An inmate collects wood on a migrant boat to make music instruments as part of the project ‘Violins of the sea’ at Opera’s prison, near Milan, on February 8, 2024. Photo by Marco Bertorello / AFP.

‘Giving waste a voice’

“We give voice to everything that is usually thrown away: the wood from boats that is shredded, the migrants who flee war and poverty and are treated like trash, and the prisoners who are not given a second chance,” says Arnoldo Mosca Mondadori, who came up with the idea.

Mosca Mondadori, president of the House of the Spirits and the Arts foundation, hopes the string instruments can be played in other concert halls in Europe, “to touch people’s souls in the face of poverty”.

READ ALSO: Italy’s Lampedusa struggles as migrant arrivals double the population

The central Mediterranean is the deadliest migratory route in the world. Nearly 2,498 people died or disappeared along it last year, some 75 percent more than in 2022.

In a courtyard at the Opera prison, dilapidated boats are strewn across the grass among broken planks of wood.

A pink and white baby shoe, a baby bottle, nappies and a tiny green T-shirt are among items recovered from their holds.

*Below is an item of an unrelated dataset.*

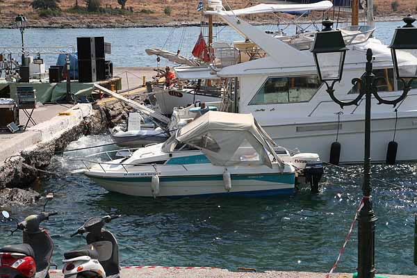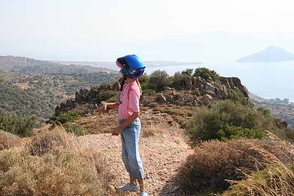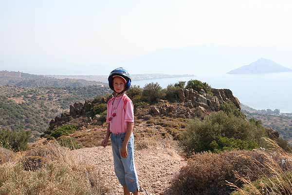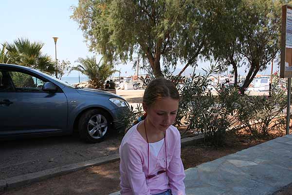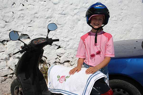 Als wir in Ägina-Stadt wie gewohnt das Motorrad aufbocken wollten, stieß Oma sich an ihrer schlimmen Stelle am Schienbein an meiner Fußraste, die nicht eingeklappt war. ![]()

Discarded clothing stiff with salt, rusting cans of sardines, and rudimentary life jackets evoke perilous journeys at the mercy of rough seas. “You can smell the sea here,” within the grey concrete walls of the courtyard, 49-year-old prisoner Andrea said.

“It is very strong and transports you very far. It is present even in the instruments, though less so,” he says as he dismantles boats and searches for suitable wood to make the instruments.

The entrance of the lutherie of the House of the Spirits and the Arts foundation. Photo by Marco Bertorello / AFP.

‘Alive and useful’

Andrea, who is serving a life term for murder, sees the time he spends in the wood workshop as a form of “redemption”.

“Time does not pass in prison. But there, we feel alive and useful,” he said.

In the small dark room with barred windows, Nicolae, a 41-year-old Romanian behind bars since 2013, is busy sawing a piece of wood.

He takes measurements, before carefully carving a violin’s soundboard.

READ ALSO: EXPLAINED: What’s behind Italy’s soaring number of migrant arrivals?

“By building violins… I feel reborn,” he said.

Paring tools, penknives, chisels, saws and small wood planes are lined up on a wall panel, potential weapons which are scrupulously checked back in at the end of the day by the guards.

Standing in front of his workbench, master luthier Enrico Allorto says that he used a method from the 16th century when bending the wood, in order to keep the boat varnish intact.

There is no Stradivarius here. These violins have “a more muted timbre, but they have their charm and reproduce the entire range of sounds”, he says.

“They arouse emotions in the musicians, who in turn transmit them to the public”.